Andrianakis I, Vernon IR, McCreesh N, McKinley TJ, Oakley JE, Nsubuga RN, Goldstein M, White RG - PLoS Comput. Biol. (2015)

Bottom Line: History matching is an iterative procedure that reduces the simulator's input space by identifying and discarding areas that are unlikely to provide a good match to the empirical data.Simulator evaluations made within this region were found to have a 65% probability of fitting all 18 outputs.Further research is required to explicitly address the stochastic nature of the simulator as well as to account for correlations between outputs.

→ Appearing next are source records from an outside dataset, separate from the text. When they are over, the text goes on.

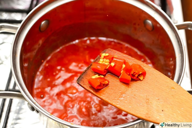 Додайте перець чилі і зменшіть вогонь.Томіть близько 15 хвилин.
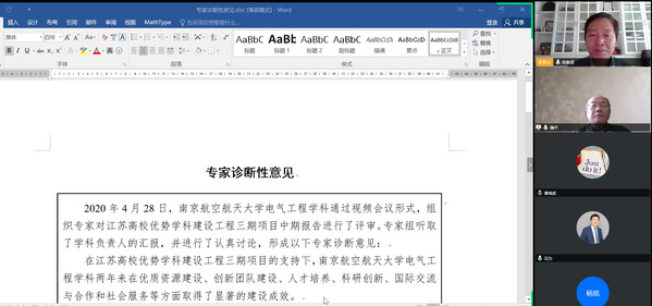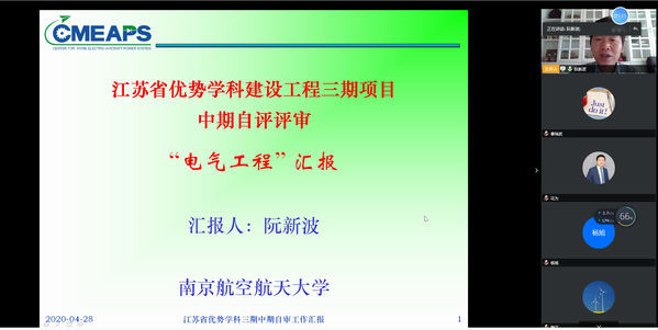 2020年4月28日上午,南京航空航天大学组织专家对江苏高校优势学科建设工程三期项目电气工程学科进行了中期评审。评审会通过视频会议形式进行,评审专家组组长由河海大学鞠平教授担任,专家有浙江大学何湘宁教授,西安交通大学杨旭教授,东南大学花为教授和中国矿业大学陈昊教授。蜜桃视频 电气工程系阮新波教授、胡海兵教授和曹瑞武副教授参加汇报。
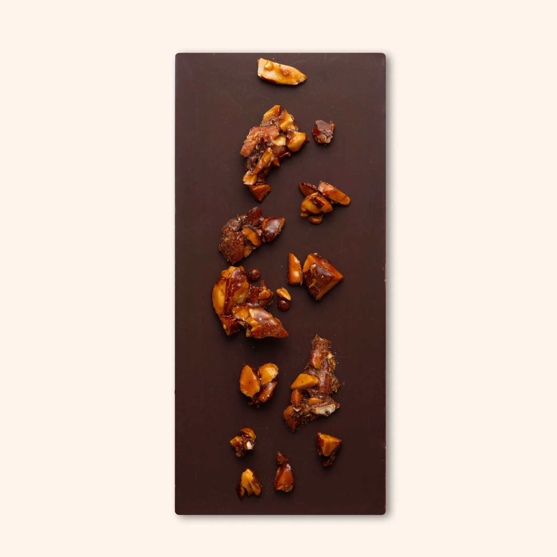 - Dunkle Schokolade (75 %) mit knusprigem Mandelcrunch aus gerösteten mallorquinischen Mandeln und einem Hauch Zimt.
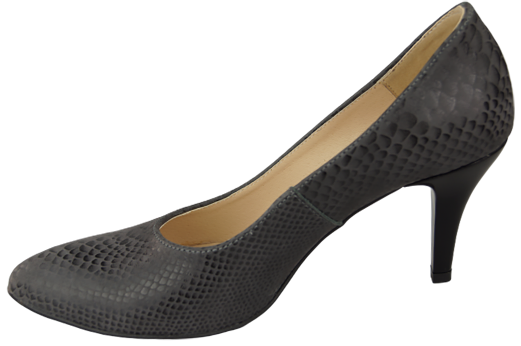 - Czółenka damskie wykonane z wysokiej jakości skóry naturalnej tłoczonej zachwycają modnym wzorem imitującym skórę węża, dzięki któremu klasyczny krój zyskuje nowoczesnego, intrygującego charakteru.
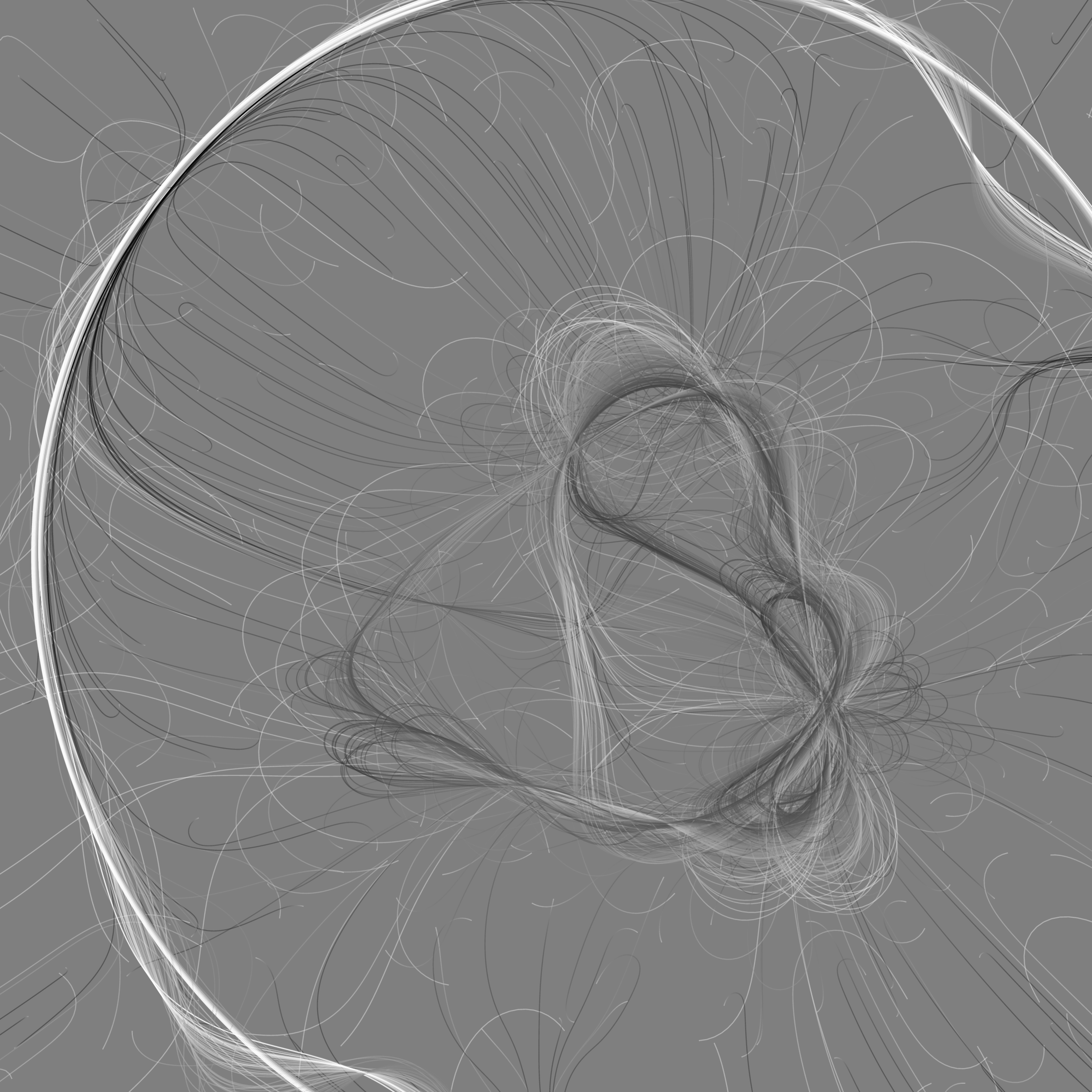 “Phototaxis” is a simulated environment populated by simple machines. After Valentino Braitenberg’s 1984 book “Vehicles,” there are four kinds of machines with different wiring and behaviors: Explorers, Aggressors, Lovers, and Cowards. Each line charts the history of one machine’s movement. The core of this code was the foundation for my MicroImage series of works dating back to 2001. I’ve worked on it in fits and starts since then, and in 2021 it was further developed for Art Blocks. Press ‘P’ to play/pause, ‘B’ for the big bang, ‘1’–’5’ to change the magnification, and ‘L’ to reveal the lights’ locations.
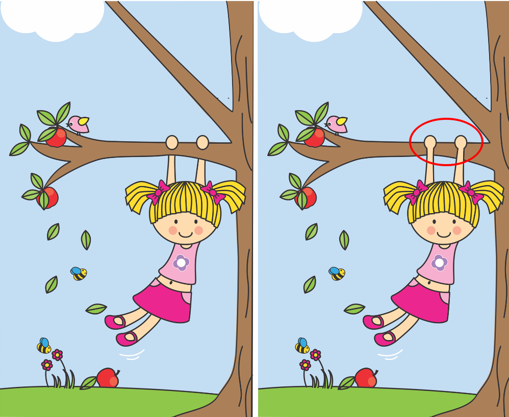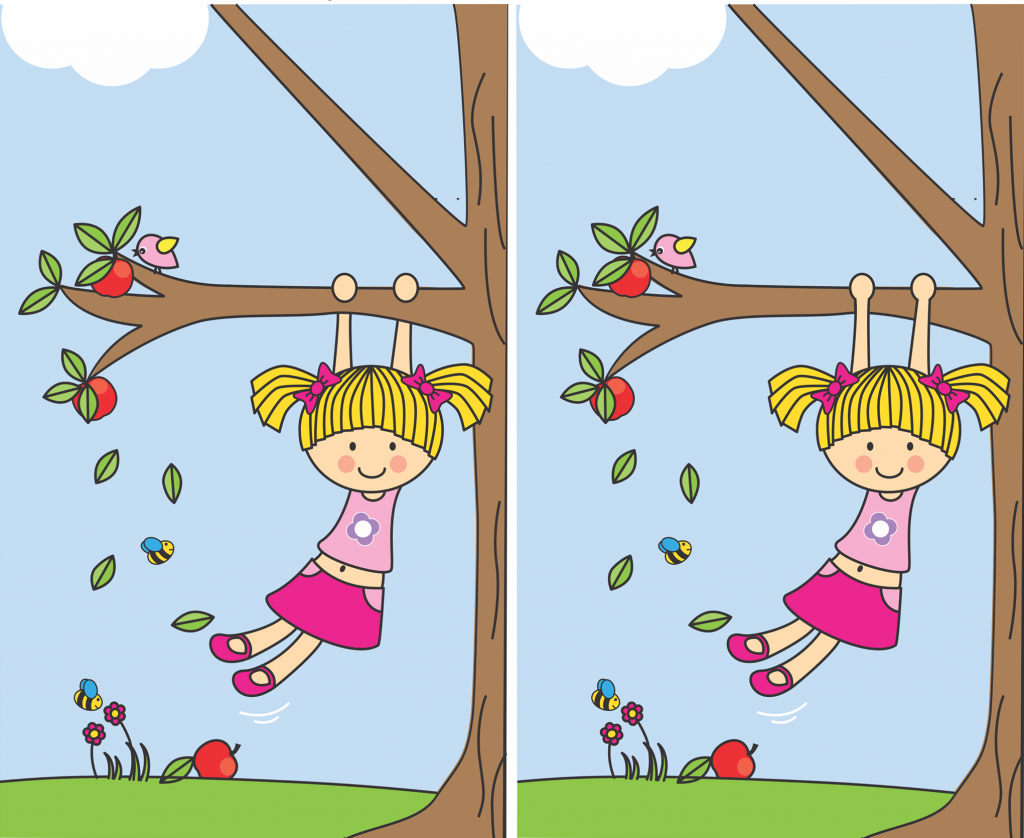 The girl’s playful spirit is infectious. She’s wearing a cute pink skirt, a flower-patterned t-shirt, and bright shoes, all the while hanging from the tree like a true adventurer. But here’s the twist—while the scene seems perfect and identical in two images, there are subtle differences that will challenge your observation skills.
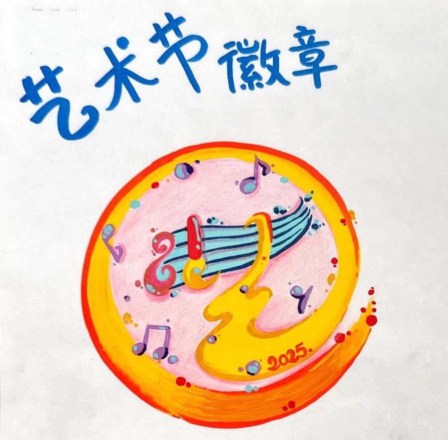 设计理念 这是2025艺术节的超萌徽章!圆圆的彩虹边框像糖霜,里面的“艺”字会扭扭腰跳舞,音符们像小跳跳糖,彩色点点是眨眼睛的星星!它就是艺术节的魔法邀请卡,一看就知道要一起玩超有趣的画画、唱歌、游戏啦!
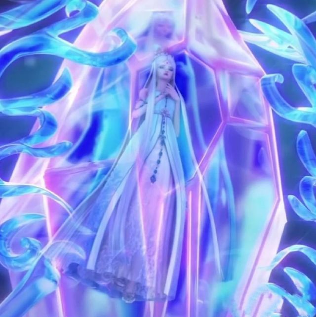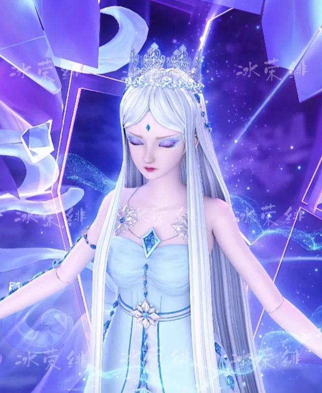 随着她们的呼唤,冰公主通过冰晶出现在镜空间
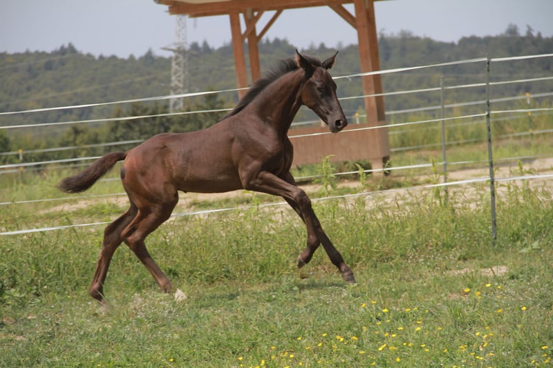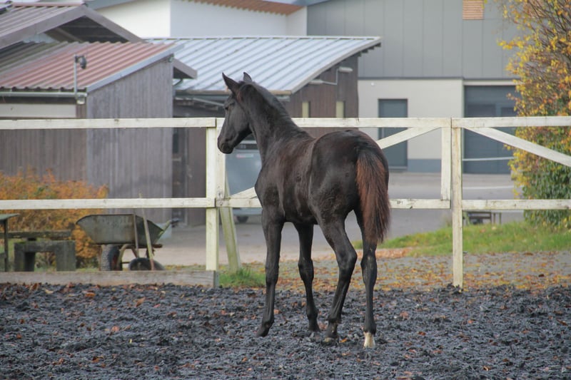 Wir bieten hier ein hübsches, bewegungsstarkes Stutfohlen mit allerbestem Charakter an, sie ist selbstbewusst und mutig, sehr lieb und verschmust - und sie freut sich immer wenn der Mensch kommt. Tiana besticht außerdem durch ein absolut korrektes und stabiles Fundament und 3 völlig klare und korrekte GGA, wodurch die besten Voraussetzungen für lange Gesundheit und Haltbarkeit gegeben sind. Mutter und Halbschwester können besichtigt werden und bestätigen dies, ebenso wie der Halbbruder der letztes Jahr gekört wurde! Beide Geschwister waren auch super brav und unkompliziert beim anreiten! Tiana wurde am 14.06.2025 geboren und war bereits mit knapp 5 Wochen auf der Fohlenschau - das hat sie total brav gemeistert und trotz des jungen Alters bereits die Silberprämie vom Verband erhalten! Sie ist natürlich halfterführig, kennt das Fohlen-ABC und ist mit ihrer Mutter zusammen schon Hänger gefahren. Auch die ersten Ausritte bei Fuß ihrer Mutter hat sie schon völlig souverän und unerschrocken gemeistert. Geschätzt wird sie ca. 170cm groß. Im Moment wächst sie in der Herde auf, ist nachts im Stall, aber tagsüber jeden Tag bei Wind und Wetter draußen. Wir wünschen uns eine liebevolle und artgerechte Aufzucht und können sie uns später in verschiedenen Bereichen vorstellen, wobei ihr das Dressurtalent von ihrem Vater natürlich in die Wiege gelegt ist. Bei Bedarf kann sie auch ins neue Zuhause gebracht werden. Standort ist 69151. Gern einfach melden und vorbeikommen, hier wächst eine ganz tolle junge Dame heran!
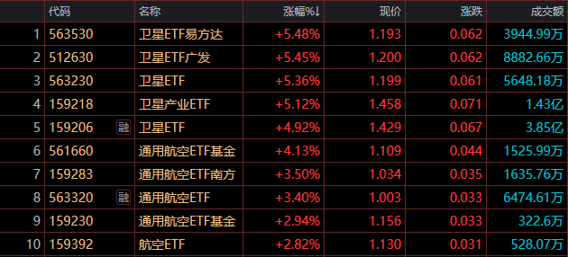 ETF午間收盤漲跌不一,衛星ETF易方達(563530)領漲5.48%,衛星ETF廣發(512630)漲5.45%,衛星ETF(563230)漲5.36%。
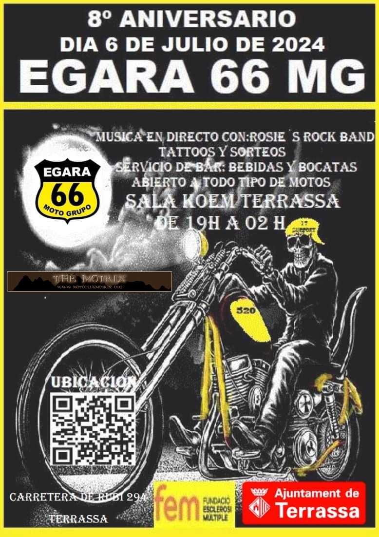 Como ya dije para Terrassa que me fuí este domingo. El lugar del evento, la Masia Els Bellots, me atraía pues había estado allí hace años en una concemntración organizada por el mismo moto grupo, Egara 66. Decir debo en primer lugar que quedé un poco decepcionado por el aparente abandono del lugar, muy descuidado para mi parecer, comparándolo a mis recuerdos. Lo positivo del día fue a mi entender el encuentro de una cuarta parte de Motrix, que hacía tiempo que no se producía : Neo, que vino con la moto ligeramente tocada, Pegaso, Forni, Kaiser con su nueva adquisición y un servidor. El evento lo aprovechamos a tope : de nueve de la mañana, fuimos los primeros, hasta las tres de la tarde, los últimos en marchar. Aparte del bocadillo de butifarra y cerveza, número para el sorteo, recuerdo para el motoclub y concierto con tres grupos que nos amenizaron la cálida mañana. Otra agradable sorpresa fue la presencia del único fundador de Motrix que yo no conocía: Antonio, con su hijo Toni y su amigo Jordi, un gran placer, con quienes compartimos mesa y tiempo, a parte de unas birras. En fin, mañana super aprovechada que ojalá se repita más a menudo.
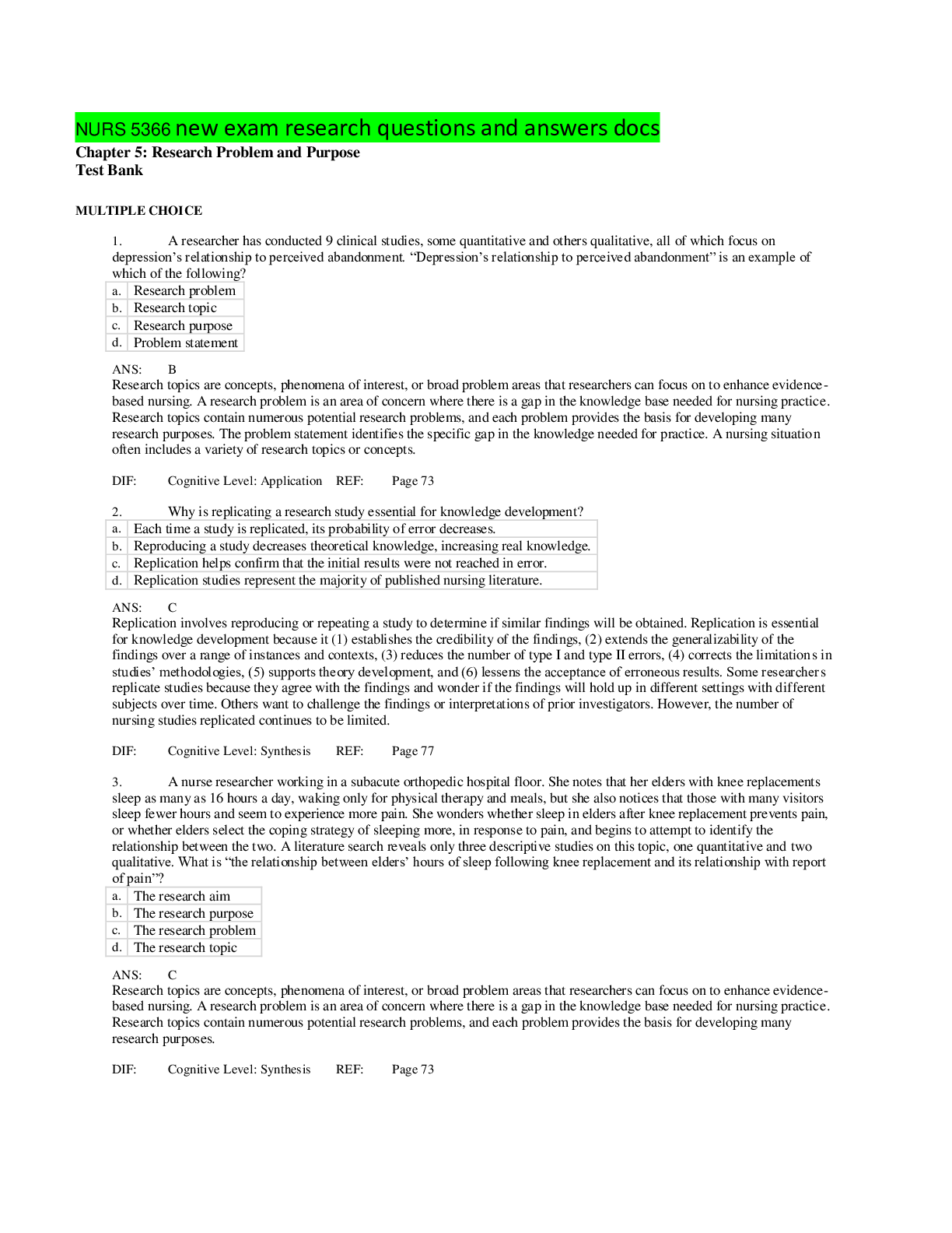 *NURSING > QUESTIONS & ANSWERS > NURS 5366 exam questions and answers solution 2020 (All)
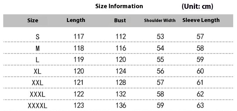 The coat is available in a range of sizes from XS to 4XL, ensuring a perfect fit for everyone. It's important to note that Asian sizes are typically 1 to 2 sizes smaller than European and American sizes, so we recommend selecting a larger size if you're uncertain.

View Article: PubMed Central - PubMed

Affiliation: Dept. of Infectious Disease Epidemiology, London School of Hygiene & Tropical Medicine, London, United Kingdom.

ABSTRACT
Advances in scientific computing have allowed the development of complex models that are being routinely applied to problems in disease epidemiology, public health and decision making. The utility of these models depends in part on how well they can reproduce empirical data. However, fitting such models to real world data is greatly hindered both by large numbers of input and output parameters, and by long run times, such that many modelling studies lack a formal calibration methodology. We present a novel method that has the potential to improve the calibration of complex infectious disease models (hereafter called simulators). We present this in the form of a tutorial and a case study where we history match a dynamic, event-driven, individual-based stochastic HIV simulator, using extensive demographic, behavioural and epidemiological data available from Uganda. The tutorial describes history matching and emulation. History matching is an iterative procedure that reduces the simulator's input space by identifying and discarding areas that are unlikely to provide a good match to the empirical data. History matching relies on the computational efficiency of a Bayesian representation of the simulator, known as an emulator. Emulators mimic the simulator's behaviour, but are often several orders of magnitude faster to evaluate. In the case study, we use a 22 input simulator, fitting its 18 outputs simultaneously. After 9 iterations of history matching, a non-implausible region of the simulator input space was identified that was 10(11) times smaller than the original input space. Simulator evaluations made within this region were found to have a 65% probability of fitting all 18 outputs. History matching and emulation are useful additions to the toolbox of infectious disease modellers. Further research is required to explicitly address the stochastic nature of the simulator as well as to account for correlations between outputs.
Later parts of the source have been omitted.